There’s a reason the ancients spent a lot of time working out these things (without calculus in its modern form, which made it all the harder), and it was only until Fermat’s time that the ideas behind probability were developed. That is what I mean by “fundamental”; not in the sense of foundational to the logical structure of mathematics, but in the sense of “anyone that is familiar even with the slightest bit of math has thought about this, even in a minor way”.
I don’t think we disagree on what should be taught in high school (because I don’t really have any firm opinions on that). But I think people advocating discrete over continuous, or probability/statistics over calculus, often miss that it is not the theorems per se that is important, but the way of thinking. And the calculus way of thinking (which involves comparing quantities that get larger or smaller, or ratios thereof, and approximating quantities and taking the limit) is just fundamental to a lot of mathematics in a way that probability is not. And even in probability (some would say *particularly* ), the calculus way of thinking is key, once one moves beyond the basics and either tackles harder theory or tries to put the basics into practice (for example, computing a binomial probability for large exponents).
I’m not saying caculus is useless to computer scientists. I have a PhD in CS and considered going into analysis of algorithms with Knuth as my adviser.

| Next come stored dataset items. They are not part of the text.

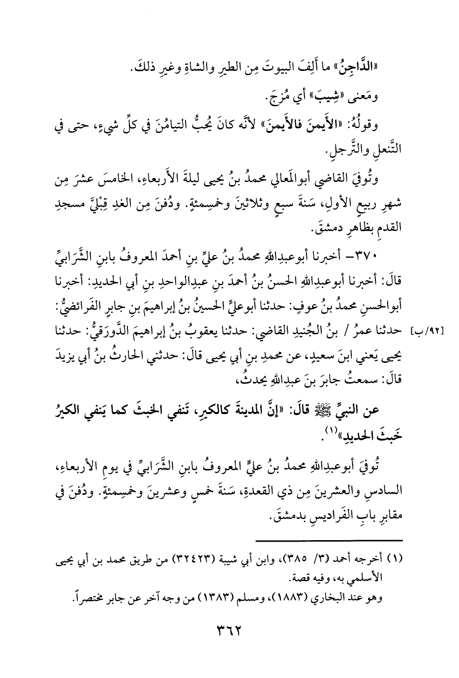 370 - أخبرنا أبو عبدِ اللهِ محمدُ بنُ عليِّ بنِ أحمدَ المعروفُ بابنِ الشَّرَابيِّ قالَ: أخبرنا أبو عبدِ اللهِ الحسنُ بنُ أحمدَ بنِ عبدِ الواحدِ بنِ أبي الحديدِ: أخبرنا أبو الحسنِ محمدُ بنُ عوفٍ: حدثنا أبو عليٍّ الحسينُ بنُ إبراهيمَ بنِ جابرٍ الفَرائضيُّ: حدثنا عمرُ / بنُ الجُنيدِ القاضي: حدثنا يعقوبُ بنُ إبراهيمَ الدَّورَقيُّ: حدثنا يحيى يَعني ابنَ سعيدٍ، عن محمدِ بنِ أبي يحيى قالَ: حدثني الحارثُ بنُ أبي يزيدَ قالَ: سمعتُ جابرَ بنَ عبدِ اللهِ يحدثُ،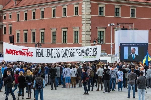 Nicht nur in Italien und der Schweiz sprechen sich die Menschen gegen die Kohle aus: Eine kürzlich veröffentlichte repräsentative Studie des Meinungsforschungsinstituts TNS Emnid zeigt, dass 83% der Bewohner in den G7-Staaten Energie-Effizienz und Erneuerbare als den richtigen Weg sehen, um sich aus der Abhängigkeit von ausländischen Energieträgern zu befreien. Diese Haltung haben gestern auch rund 30 Greenpeace-Aktivisten mit einem 10 Meter langen Banner während US-Präsident Obamas Rede zum 25. Jahrestag der freien Wahlen in Polen kundgetan. Ihre unmissverständliche Botschaft lautete: «Independence – Real leaders choose renewables». Obama reiste am Abend weiter an den G7-Gipfel in Brüssel.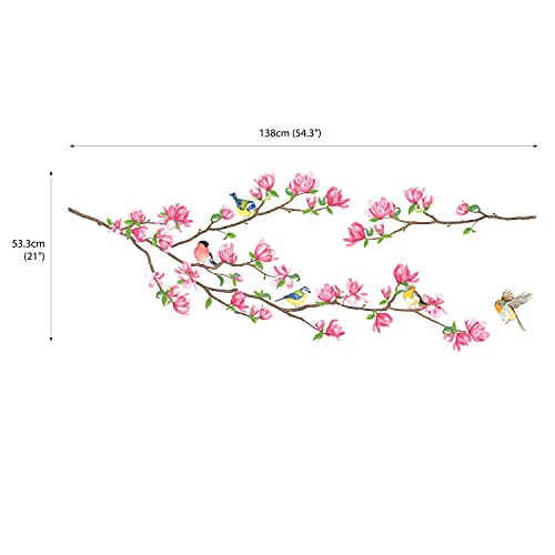 DECOWALL SG-2117 Ciliegio Uccelli Albero Adesivi da Parete ramo di magnolia rosa Murali Decorazione per Camera Letto Soggiorno Bambini Murale DIY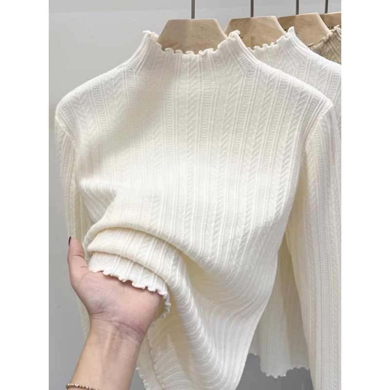 白色打底衫女秋冬季内搭2025新款半高领木耳边针织上衣高级感毛衣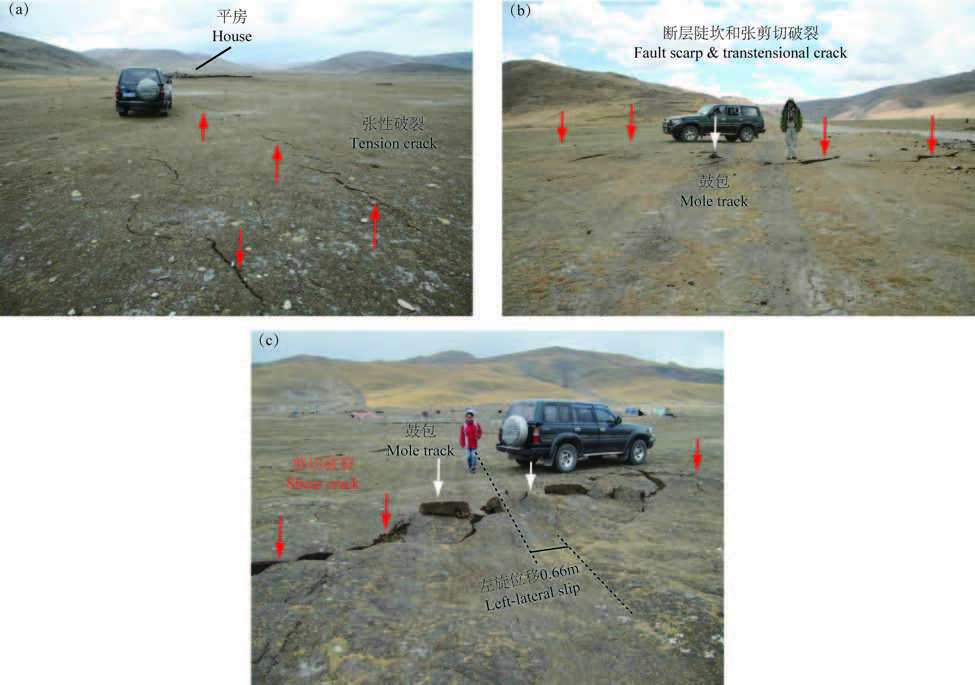 图 9 结隆次级地表破裂带典型同震断错地貌 (a)西端部雁列张性裂缝(96.43863°E,33. 226irN);b)隆宝湖西南北向土公路旁张剪切破裂与南髙北低断层陡坎 (96. 47792°E,33.21309°N) ; (c)结隆次级地表破裂带最大同震左旋位移量 0.66 m(96.4867°E,33.21107°N). Fig. 9 Surface rupture features along the Jielong rupture zone (a)Tension cracks at the west end of the surface rupture(96. 43863°E,33. 22611°N) ; (b)Transtensional cracks and fault scarps near the north-south road at the west of the Longbao lake(96. 47792°E,33. 21309°N) ; (c) Jielong section maximum co-seismic lett lateral slip 0. 66 m (6. 4867°E,33. 21107°N). |

I know (or knew) the uses for calculus in discrete math, and calculus is not central to combinatorics. Useful, yes, central, no. The main reason for using calculus to make approximations in combinatorics is that integration is a hell of a lot easier than summation for a lot of cases.
I am not claiming that probability is central to mathematics. Indeed I got an MS in math and PhD in computer science without any formal training in probability and statistics. What I’m claiming is that probability and statistics are more *important* for most people to know than mathematics is. People need enough math to understand probability (about Algebra 1), but unless they are continuing in a STEM field they don’t need much more.
Now, my son is planning to go into a STEM field, so he’ll be getting a lot more math that minimum, and calculus is important for him. I think it is important that calculus be taught in high schools, since we need people trained in STEM fields. But I think it is a major failing of our educational system that most people have so little understanding of probability that they can’t understand lotteries or risk assessment. I have heard from high school teachers that the tiny amounts of probabilities included in the textbooks and standards are usually the first thing that gets dropped from the curriculum, when it is probably the most important thing for most students to learn in their math classes.